Global firms turn to M&A in EVs and biotech to deepen China investment: KPMG

A KPMG survey shows three in four multinational corporations operating in China have maintained or increased investments this year, focusing on mergers and acquisitions in electric vehicles and biotechnology. Despite geopolitical tensions, only 1% are preparing to exit the market.

A KPMG survey published on Monday shows that three in four multinational corporations (MNCs) operating in mainland China have maintained or increased their investments in 2025, despite Washington stepping up efforts to decouple from Beijing and its allies following suit. The survey, polling 137 senior executives from global companies in the world's second-largest economy between June and September, revealed that only 1 per cent reported preparing to exit the market. About 20 per cent said they may reduce investment, while the rest had yet to decide.

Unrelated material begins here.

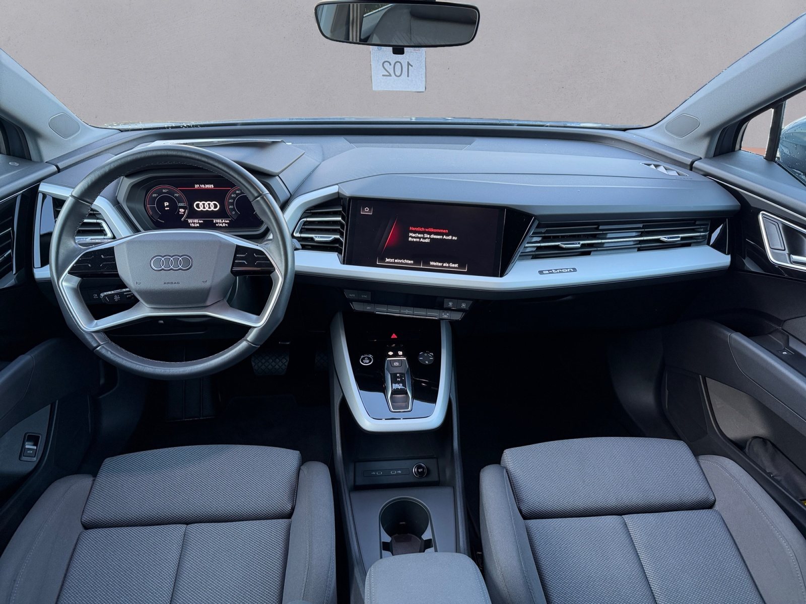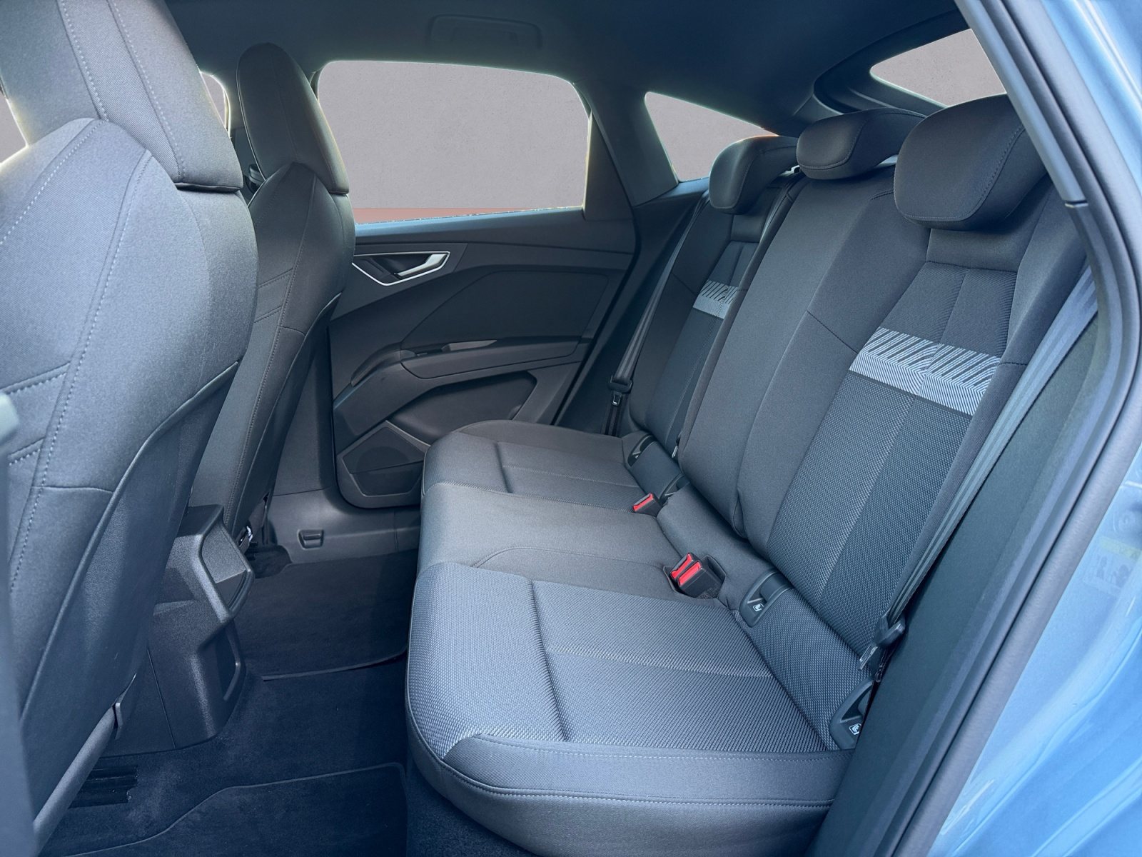 Privacy-Verglasung (Scheiben abgedunkelt), Anhängevorrichtung, Interieur mit Sportsitzen in Stoff schwarz, Akzentflächen schwarz glänzend, Dachhimmel in Stoff, Einstiegsleisten mit Aluminiumeinlegern vorn, MMI Navigation plus mit MMI touch, LED-Scheinwerfer, LED-Heckleuchten, kamerabasierende Verkehrszeichenerkennung, Audi virtual cockpit, Rückfahrkamera, Spurverlassenswarnung, Einparkhilfe plus, adaptiver Geschwindigkeitsassistent mit Geschwindigkeitsbegrenzer, Hochvolt-Batterie 82 kWh (brutto), Elektro-Motor Systemleistung 150 kW, digitaler Radioempfang, Elektromechanische Servolenkung, Audi drive select, Doppelspeichen-Lederlenkrad mit Multifunktion, Kindersitzbefestigung i-Size auf der Beifahrerseite und i-Size und Top Tether auf den äußeren Fondsitzen, Vordersitze manuell einstellbar, Rücksitzlehne umklappbar, Gepäckraumklappe elektrisch öffnend und schließend ohne sensorgesteuerte Gepäckraumentriegelung, Ausweichassistent und Abbiegeassistent, Kindersicherung elektrisch betätigt, Funkschlüssel ohne Safelock, Scheiben seitlich und hinten in Wärmeschutzverglasung, Innenspiegel abblendbar, Airbag für Fahrer und Beifahrer mit Beifahrer-Airbag-Deaktivierung, Seitenairbags vorn mit Kopfairbagsystem und Interaktionsairbag vorn, Komfortmittelarmlehne vorn, Audi pre sense front, Bluetooth-Schnittstelle,

Companies planning to expand said they would pursue greenfield investment, mergers and acquisitions or joint ventures to deepen their China presence. "We have seen a significant increase in mergers and acquisitions activities among MNCs in China over the past six months," said Mark Harrison, partner and co-head of multinational clients at KPMG in China.

"In consumer-facing sectors, amid fierce local competition and challenging market dynamics, MNCs are pursuing vertical integration by acquiring distributors, agents and original equipment manufacturers to better understand and serve Chinese consumers," Harrison added.

The survey found optimism in life sciences, healthcare and manufacturing, with half forecasting revenue growth. Key sectors include electric vehicles, biotechnology and semiconductors, even amid regulatory challenges like the US Biosecure Act.